= Jack DuVall =

Jack DuVall is an American activist, who has a background in universities, television, federal United States administration and politics, and the United States Air Force. He was Executive Producer of Steve York's 1999 film A Force More Powerful together with Dalton Delan, and developed it into a television series and a book. He is the founding director of the International Center on Nonviolent Conflict, together with founding chair Peter Ackerman.

==Education, business, political, military career==
DuVall holds a B.A. degree (cum laude) from Colgate University. He spent 16 years as a television executive and author, he was Director of Corporate Relations at the University of Chicago, Director of Industry Compliance, Cost of Living Council, Executive Office of the President of the United States, and wrote speeches for candidates for the Presidency of the United States in four election campaigns. DuVall is an officer of the United States Air Force. In 2003, DuVall was a member of the board of directors of the Arlington Institute, a non-profit futures studies think tank founded by former naval officer and military expert John L. Petersen.

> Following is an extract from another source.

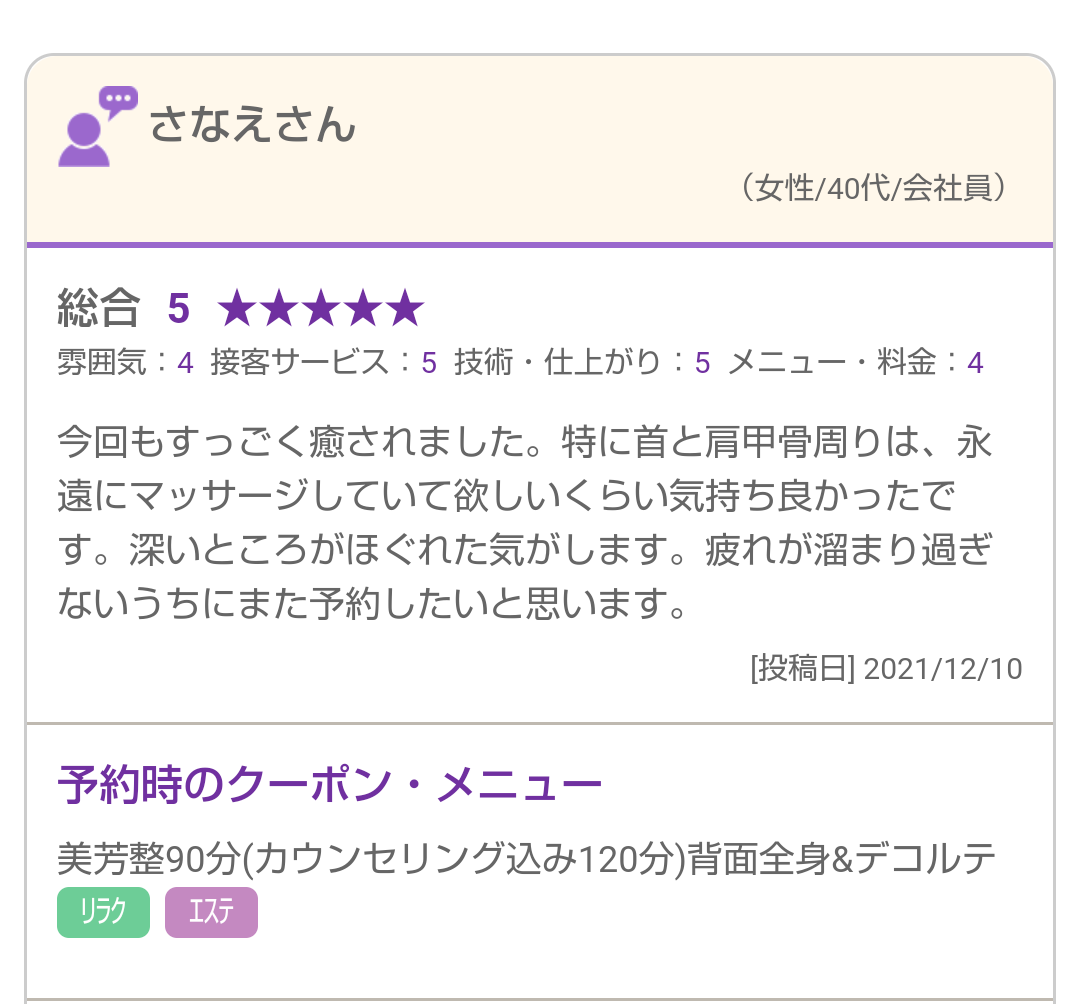 疲れが溜まり過ぎないうちにまた予約したいと思います。

==Nonviolence activities==
DuVall is best known for his role in media production and institutional actions related to strategic nonviolence used as a tool against governments perceived to be authoritarian. Together with Dalton Delan, Jack DuVall was one of the Executive Producers of Steve York's 1999 film A Force More Powerful about the theory and practice of nonviolence as a sociopolitical strategy, which was developed into a television series for the United States television network Public Broadcasting Service the following year, and then into a book that DuVall co-authored with Peter Ackerman. In 2001, together with Peter Ackerman, DuVall created a non-profit institute called the International Center on Nonviolent Conflict (ICNC). DuVall is founding director of the ICNC and Ackerman is its founding chairman. In 2007, DuVall was a facilitator at the Global Conference on the Prevention of Genocide, held in Montreal, Quebec, Canada.